■ TASK OBJECTIVE
From the first line to the last, return the data exactly, with no pictures.
Segment Start: GIVEN MATERIAL
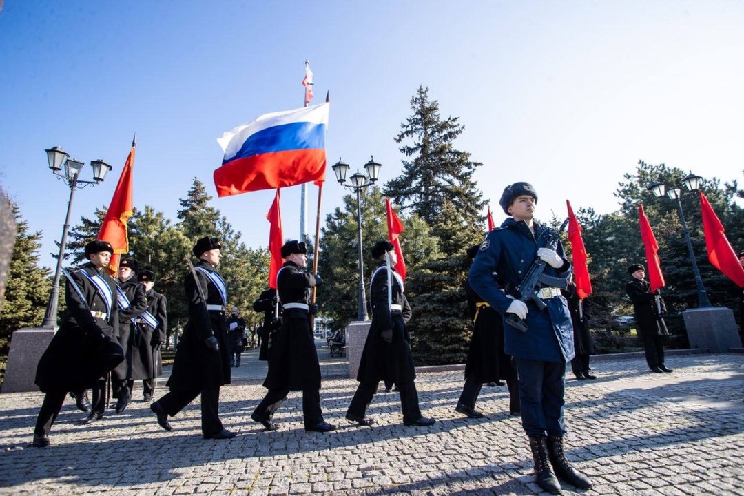 Под звуки государственного гимна к стеле «Город воинской славы» вынесли флаг Российской Федерации и Знамя Победы. Была объявлена минута молчания в память о героях, отдавших жизни за Родину в годы Великой Отечественной, Афганской и Чеченских воин и в настоящие дни, когда продолжается специальная военная операция.
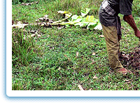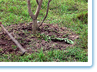 การใส่ปุ๋ยไม้ผล โดยการโรยปุ๋ยโคนต้นเป็นวงรอบตามรัศมีของทรงพุ่ม และทำการพรวนดินกลบเม็ดปุ๋ย ภาพคัดแปลงมาจาก http://board.palungjit.com/attachment.php?attachmentid=620152&d=1245892013 <<= กลับไปหน้าเดิม
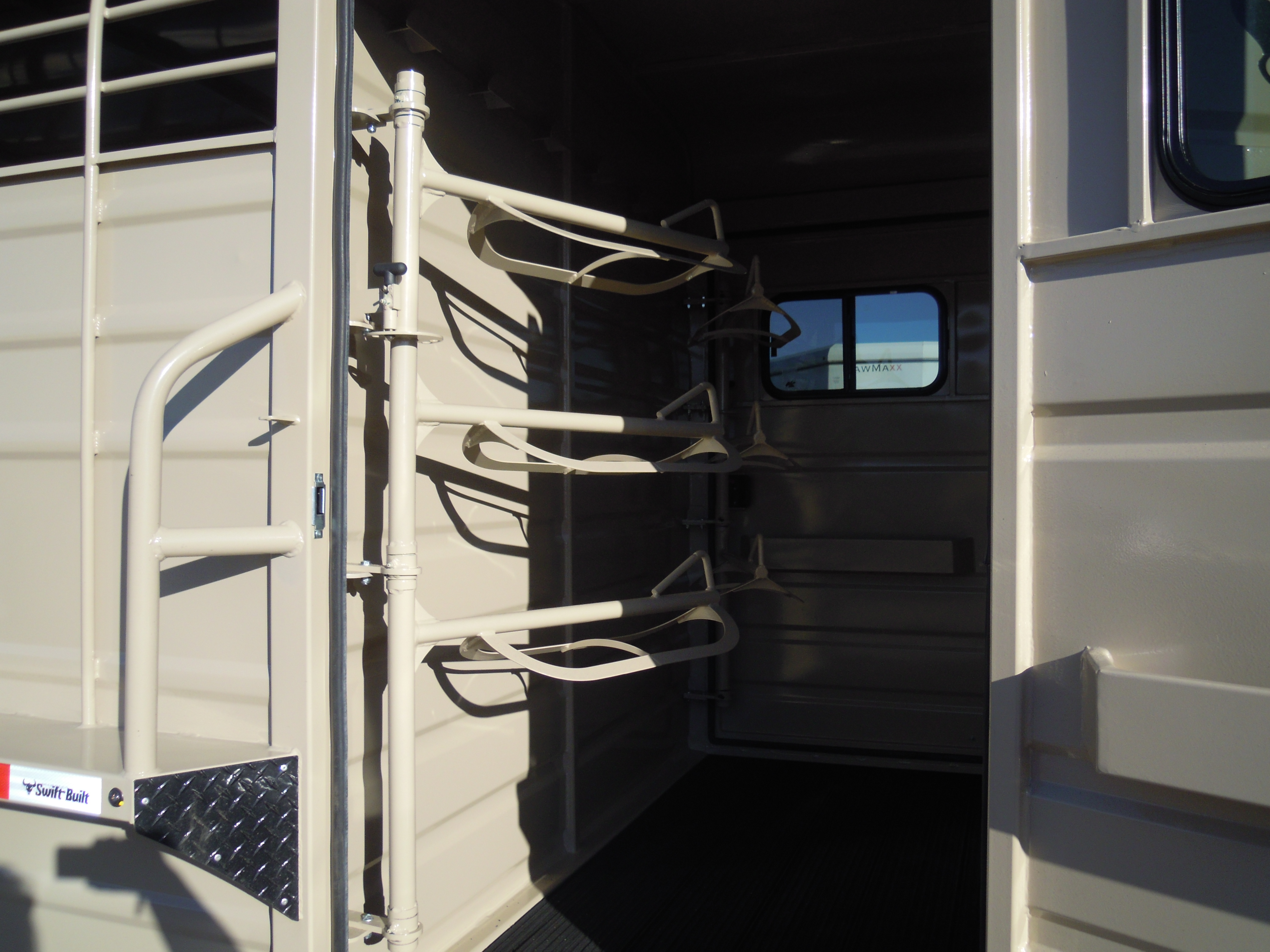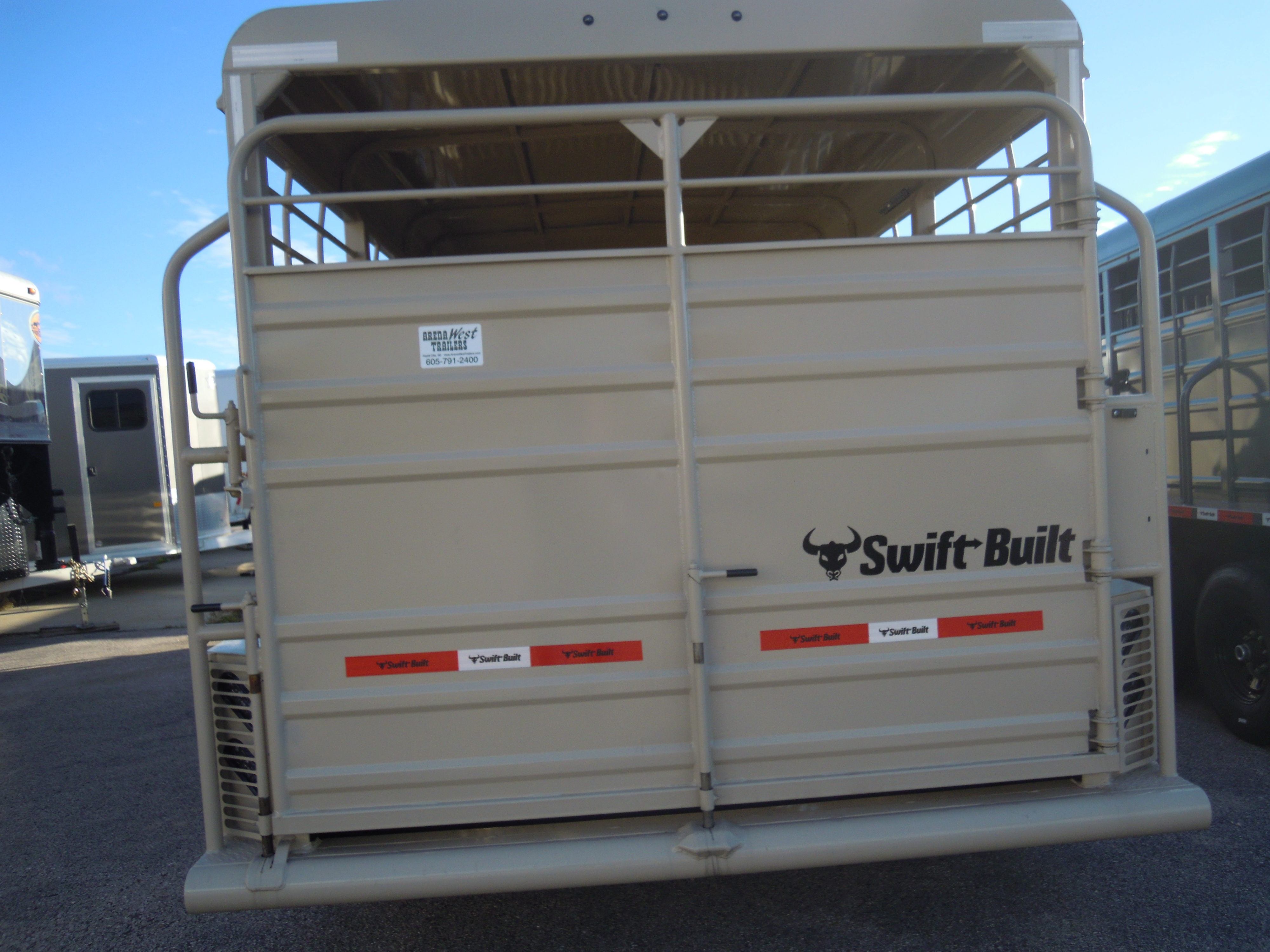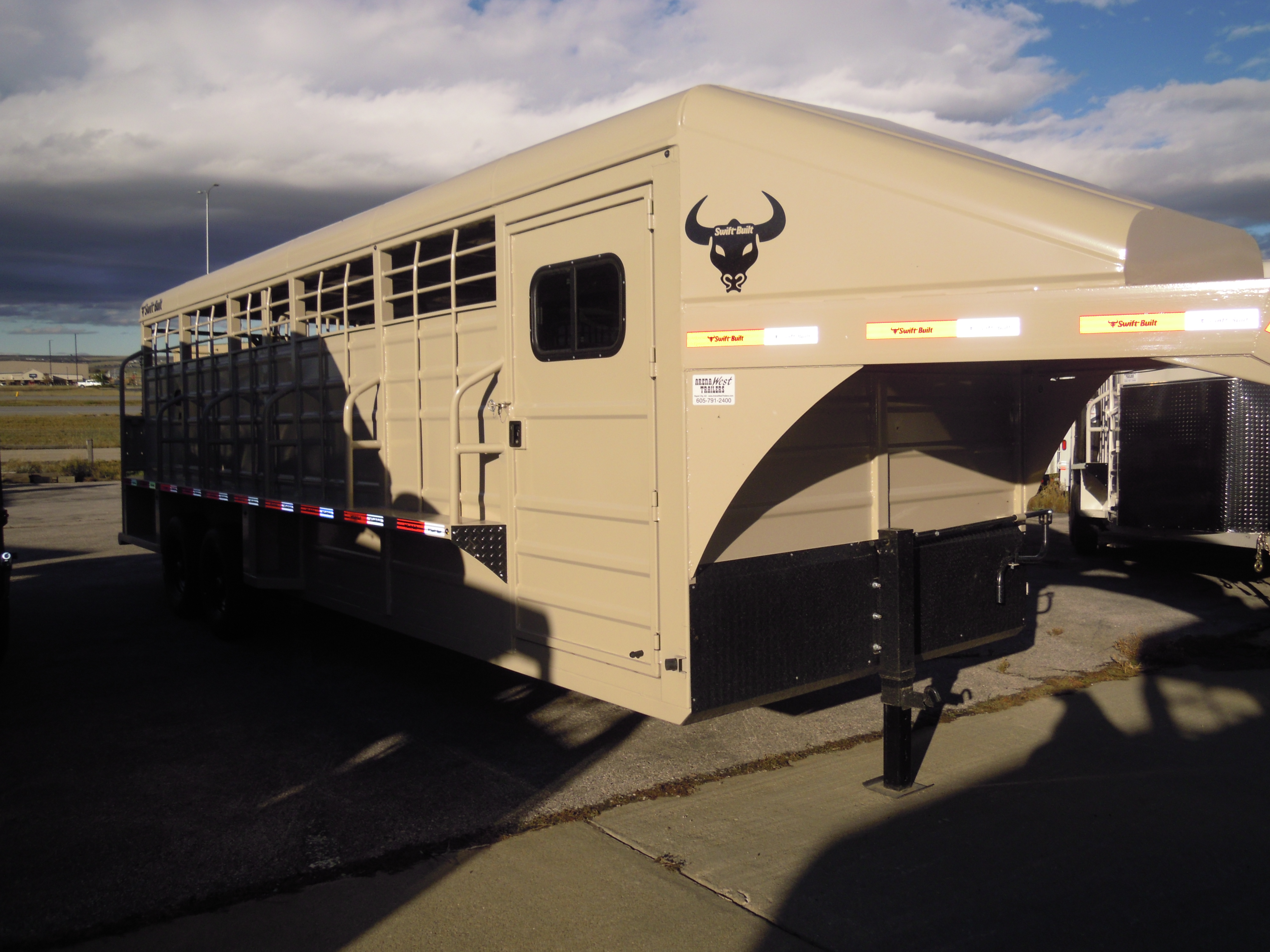 2026 SWIFT BUILT 7X24X7 STOCK COMBO GN. 4' TACK ROOM WITH DOORS ON EACH SIDE OF TRAILER, 6 SADDLE RACKS WITH BOTH BEING SWING OUTS, 4 BLANKET RACKS. COMPARTMENTS 10-10. CUT GATE, REAR SINGLE GATE FULL SWING. 7K AXLES AND 14 PLY TIRES. LIFE TIME WARRANTY ON RUBBER PLANK FLOORS.
Segment End: GIVEN MATERIAL
■ ANSWER FOR THIS EXERCISE
 Под звуки государственного гимна к стеле «Город воинской славы» вынесли флаг Российской Федерации и Знамя Победы. Была объявлена минута молчания в память о героях, отдавших жизни за Родину в годы Великой Отечественной, Афганской и Чеченских воин и в настоящие дни, когда продолжается специальная военная операция.
 การใส่ปุ๋ยไม้ผล โดยการโรยปุ๋ยโคนต้นเป็นวงรอบตามรัศมีของทรงพุ่ม และทำการพรวนดินกลบเม็ดปุ๋ย ภาพคัดแปลงมาจาก http://board.palungjit.com/attachment.php?attachmentid=620152&d=1245892013 <<= กลับไปหน้าเดิม
 2026 SWIFT BUILT 7X24X7 STOCK COMBO GN. 4' TACK ROOM WITH DOORS ON EACH SIDE OF TRAILER, 6 SADDLE RACKS WITH BOTH BEING SWING OUTS, 4 BLANKET RACKS. COMPARTMENTS 10-10. CUT GATE, REAR SINGLE GATE FULL SWING. 7K AXLES AND 14 PLY TIRES. LIFE TIME WARRANTY ON RUBBER PLANK FLOORS.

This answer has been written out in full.